If these pricing and distribution tactics are what stands between Rdio and more subscribers, the company will have gained a small advantage over its consumers. Both gift cards and family pricing plans are a good way to reach young consumers without credit cards. Then again, the most important factor for growth is likely to be the product itself. Rdio has an excellent product, but Billboard.biz hears it has gained far fewer than 100,000 subscribers since its June 2010 launch.
(Digital Media Wire)
350K U.S. Net High-Speed Net Subscribers In Q2: Study
-- The 350,000 U.S. net high-speed Internet subscribers added in the second quarter of 2011 was the second-lowest gain in 10 years, according to Leichtman Research Group. The second quarter tends to be slow. There were 336,000 net additions in the second quarter of 2010. In contrast, 818,000 net additional high-speed Internet subscribers were added in the third quarter of 2010 and nearly 1.3 million were added in the first quarter of 2011.

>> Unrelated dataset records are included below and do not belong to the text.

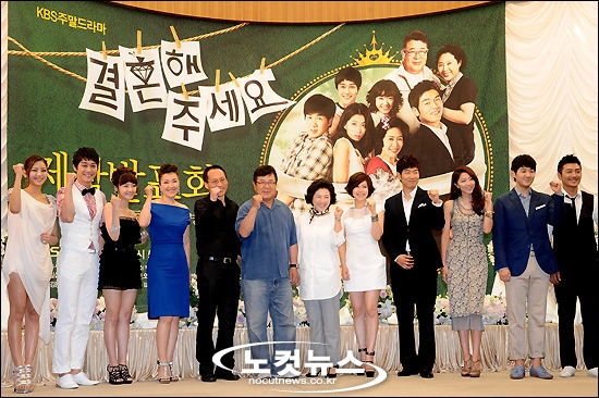 KBS 2TV 새 주말연속극 ''결혼해주세요''(극본 정유경, 연출 박만영)의 주연배우들이 15일 오후 서울 대치동 컨벤션 마벨러스에서 열린 제작발표회에서 포즈를 취하고 있다.
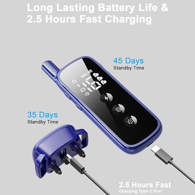 - Quick Charging: aikko training collar with remote features fast USB Type-C charging, reaching full charge in 2.5 hours. The receiver offers up to 35 days of standby time, while the remote extends to 45 days.
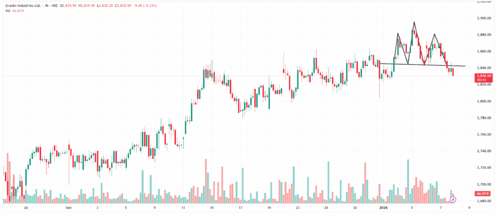 Synopsis: Grasim Industries Ltd has exhibited a bearish reversal pattern on its 1‑hour chart. The stock has formed a head and shoulders, signalling potential near-term downward momentum.
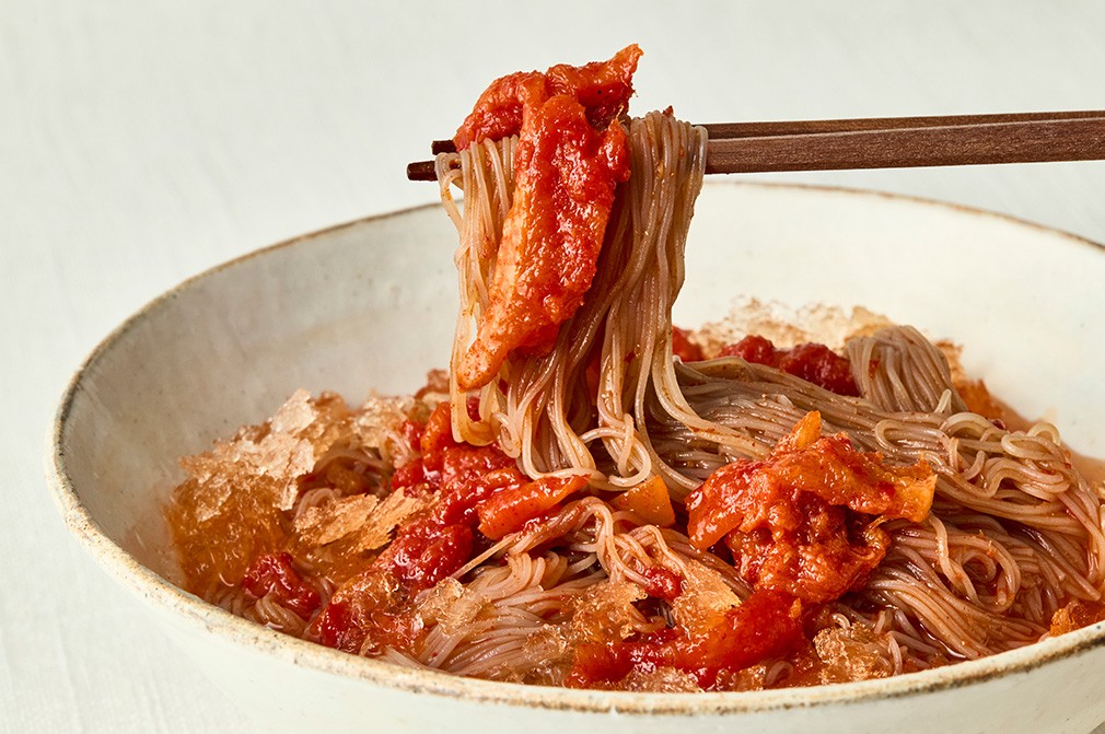 MD L이름 그대로 명태회무침을 듬뿍 담은 회냉면을 준비했어요. 72시간 저온 숙성해 쫄깃하게 씹는 맛을 제대로 살렸답니다.
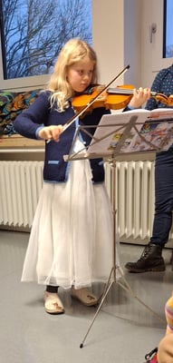 Zu einer kleinen Weihnachtsfeier trafen sich Eltern und Kinder der Klasse 2b. Da staunten die Eltern nicht schlecht, was die Schülerinnen und Schüler auf die Beine stellten. Da wurde gesungen, sogar im Kanon, Weihnachtswitze wurden vorgespielt und eine Weihnachtsakrobatik vorgetanzt.
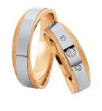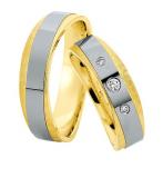 Manufactory Saint Maurice - Germany Pforzheim. Collection Preciousline. Wedding ring in 585 white polished / yellow gold matt. 3 Brillant together 0,09 ct. W/SI. Wide 7,00 mm.
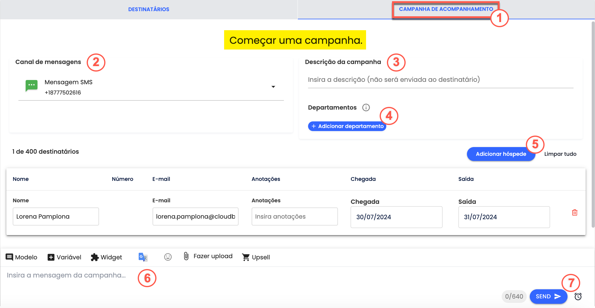 - Adicione hóspedes à lista de destinatários;
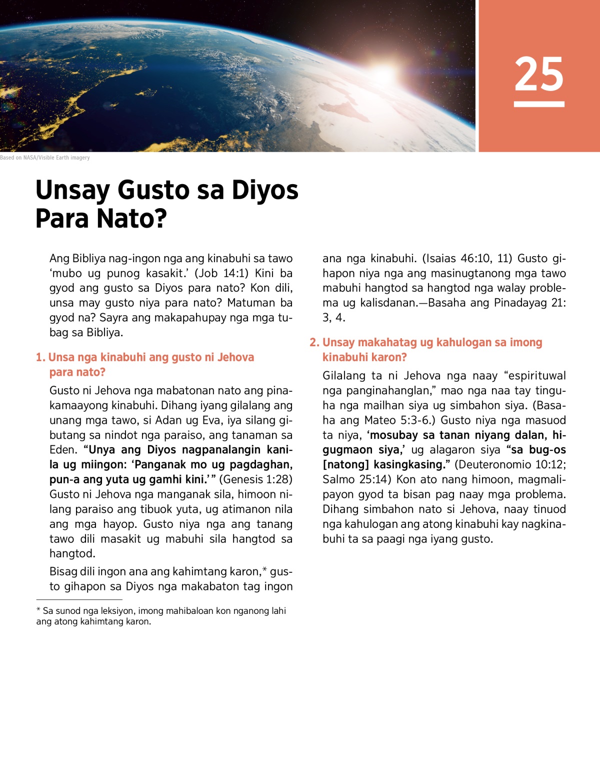 Bisag dili ingon ana ang kahimtang karon,a gusto gihapon sa Diyos nga makabaton tag ingon ana nga kinabuhi. (Isaias 46:10, 11) Gusto gihapon niya nga ang masinugtanong mga tawo mabuhi hangtod sa hangtod nga walay problema ug kalisdanan.—Basaha ang Pinadayag 21:3, 4.

Top cable companies represented 77% of the 350,000 net additions in the second quarter. The three biggest gainers were Comcast (144,000), Time Warner Cable (67,000) and Cox (25,000). However, the top phone companies are not adding subscribers like the cable companies. They added a net 80,000 subscribers in the second quarter, an improvement from the 10,000 subscriber net loss in the same quarter in 2010. Verizon, the No. 2 telephone company in terms of subscribers, added 62,000 subscribers in the quarter. AT&T, the top telephone company (with twice the subscribers of Verizon), had a net loss of 12,000 subscribers.
Leichtman Research Group tracks the top cable and phone companies, which it says account for about 93% of subscribers.